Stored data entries

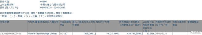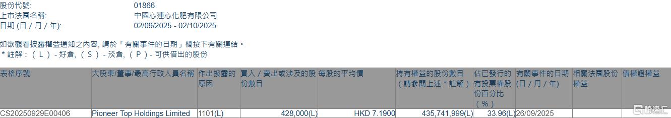 | 股份代號: | 01866 | | --- | --- | | 上市法國名稱: | 中國心壇心化肥有限公司 | | 日期(日/月/年) | 02/09/2025 - 02/10/2025 | | 如欲觀看放露檔益通知之內容,時於「有關事件的日期」欄投下角載擴極。 | | | *註解:(L)-好血(S)-淡血,(P)-可供想出的股份 | | | 2003 | 大星伸撞事(通島行政人員名情 作出技量的 震人/ 藏出或者及的版,每座的平均依 | | 好数图 | | 格隆汇10月2日丨根据联交所最新权益披露资料显示,2025年9月26日,中国心连心化肥(01866.HK)获 Pioneer Top Holdings Limited在场内以每股均价7.19港元增持42.8万股,涉资约307.73万港元。 增持后,Pioneer Top Holdings Limited最新持股数目为435,741,999股,持股比例由33.92%上升至 33.96%。 来源:格隆汇APP | 六是用量要(面積可以人員名稱 作出交量的 高入/國出版 - 及的配件量的手項價 | | 持有哪些到胶的照明 估已预订的 南國中华的日期 制度正 ...
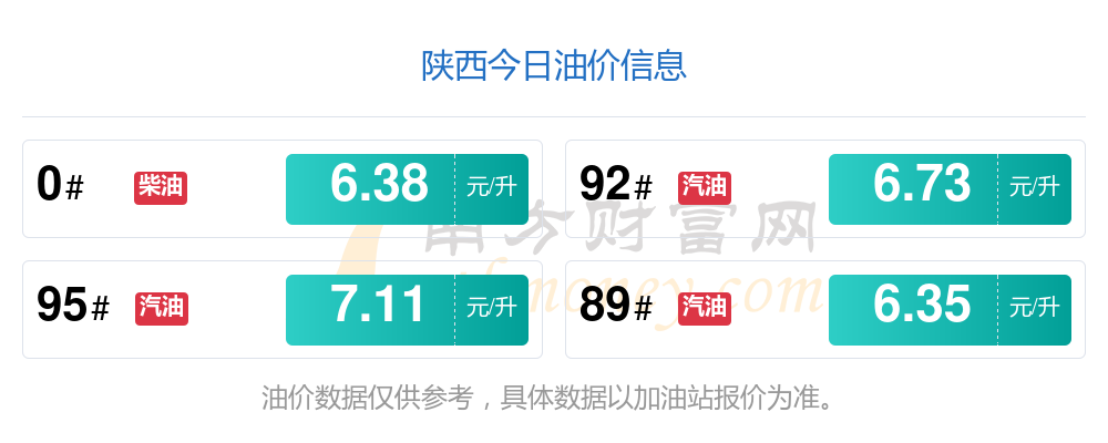 油价调整最新消息:下一轮油价调整时间12月22日24时。陕西汽油、柴油12月14日每升最新价格为:调整时间为12月9日,92号汽油为6.73元,下跌了0.05元;95号汽油为7.11元,下跌了0.05元;89号汽油为6.35元,下跌了0.04;0号柴油为6.38元,下跌了0.05元。
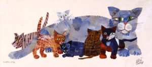 『ぼくのねこみなかった?』は男の子が大切にしていた猫を探すため、世界中を巡る絵本。紹介する作品(図1)は、探していた猫が見つかった最後の場面をもとに描かれました。エリック・カール(アメリカ)は、自ら模様を手描きした色とりどりの薄紙を大量にストックし、そのなかから絵に合わせて選んだ紙を切り貼りして、作品をつくりました。“ ぼくの猫” が連れているたくさんの子猫を、二つと同じ模様のないオリジナルの薄紙で描き分けています。
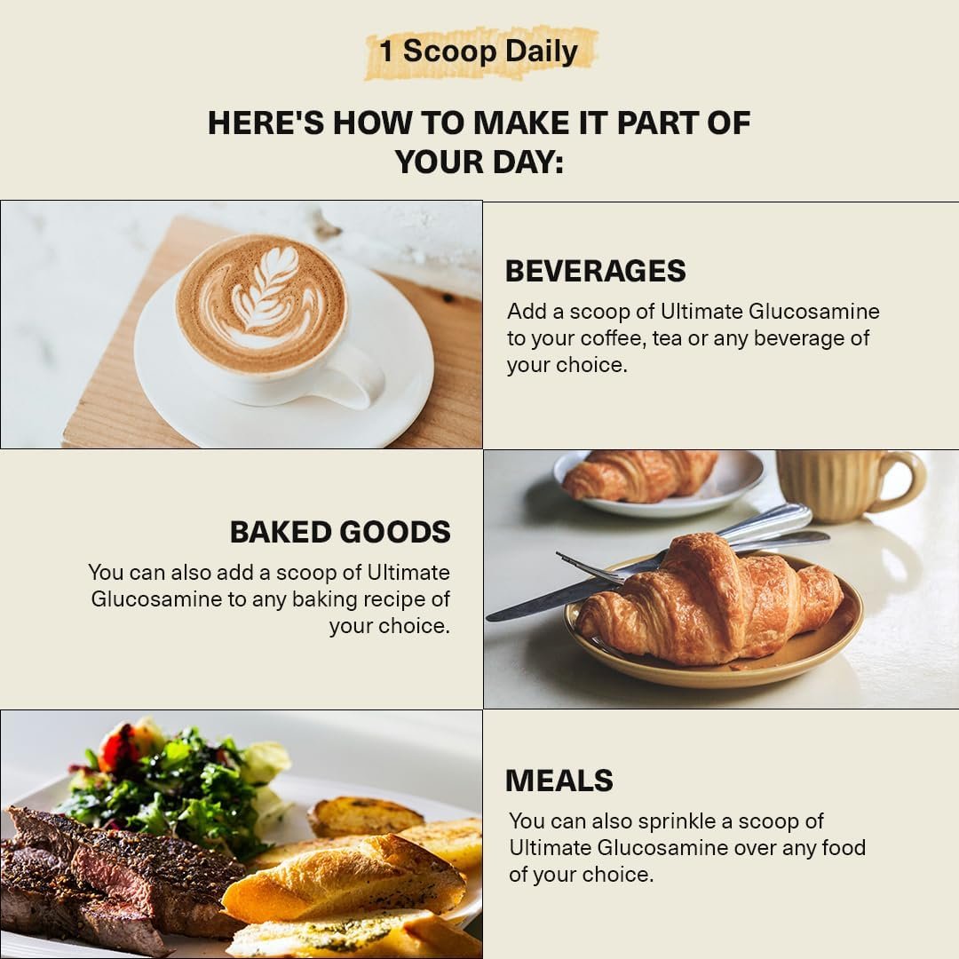 Convenient Daily Dose: Our simple once-a-day scoop makes integrating Ultimate Glucosamine into your routine effortless. This easy-to-swallow powder can be seamlessly added to hot or cold beverages, sprinkled over food, or used in baking, ensuring a hassle- free experience.
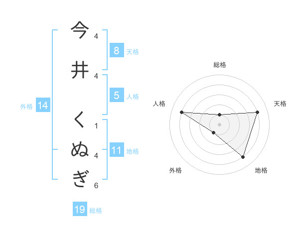 今井 くぬぎさんを姓名の画数から五運を鑑定
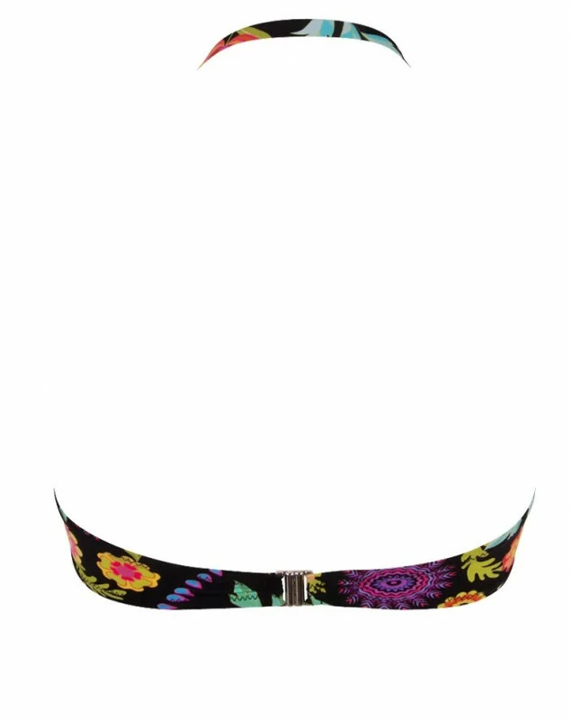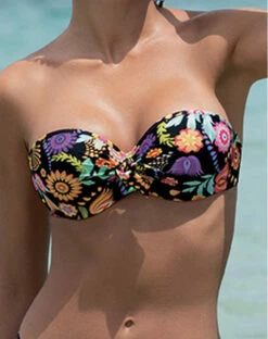 Soutien-gorge de bain bandeau à coque de la collection La Muse En Fleurs. Ce soutien-gorge propose des bretelles amovibles et réglables ainsi qu’un lacet en tour de cou. Une boucle prise dans le drapé habille le maillot de bain. Ce maillot de bain propose un nouage sur le devant pour régler la profondeur du décolleté.

#### TASK BRIEF:
Please set down the lines from the one with "油价调整最新消息:下一轮油价" to the end of the entries above, exactly as they are, and drop every picture.

#### TASK ANSWER:
 油价调整最新消息:下一轮油价调整时间12月22日24时。陕西汽油、柴油12月14日每升最新价格为:调整时间为12月9日,92号汽油为6.73元,下跌了0.05元;95号汽油为7.11元,下跌了0.05元;89号汽油为6.35元,下跌了0.04;0号柴油为6.38元,下跌了0.05元。
 『ぼくのねこみなかった?』は男の子が大切にしていた猫を探すため、世界中を巡る絵本。紹介する作品(図1)は、探していた猫が見つかった最後の場面をもとに描かれました。エリック・カール(アメリカ)は、自ら模様を手描きした色とりどりの薄紙を大量にストックし、そのなかから絵に合わせて選んだ紙を切り貼りして、作品をつくりました。“ ぼくの猫” が連れているたくさんの子猫を、二つと同じ模様のないオリジナルの薄紙で描き分けています。
 Convenient Daily Dose: Our simple once-a-day scoop makes integrating Ultimate Glucosamine into your routine effortless. This easy-to-swallow powder can be seamlessly added to hot or cold beverages, sprinkled over food, or used in baking, ensuring a hassle- free experience.
 今井 くぬぎさんを姓名の画数から五運を鑑定
 Soutien-gorge de bain bandeau à coque de la collection La Muse En Fleurs. Ce soutien-gorge propose des bretelles amovibles et réglables ainsi qu’un lacet en tour de cou. Une boucle prise dans le drapé habille le maillot de bain. Ce maillot de bain propose un nouage sur le devant pour régler la profondeur du décolleté.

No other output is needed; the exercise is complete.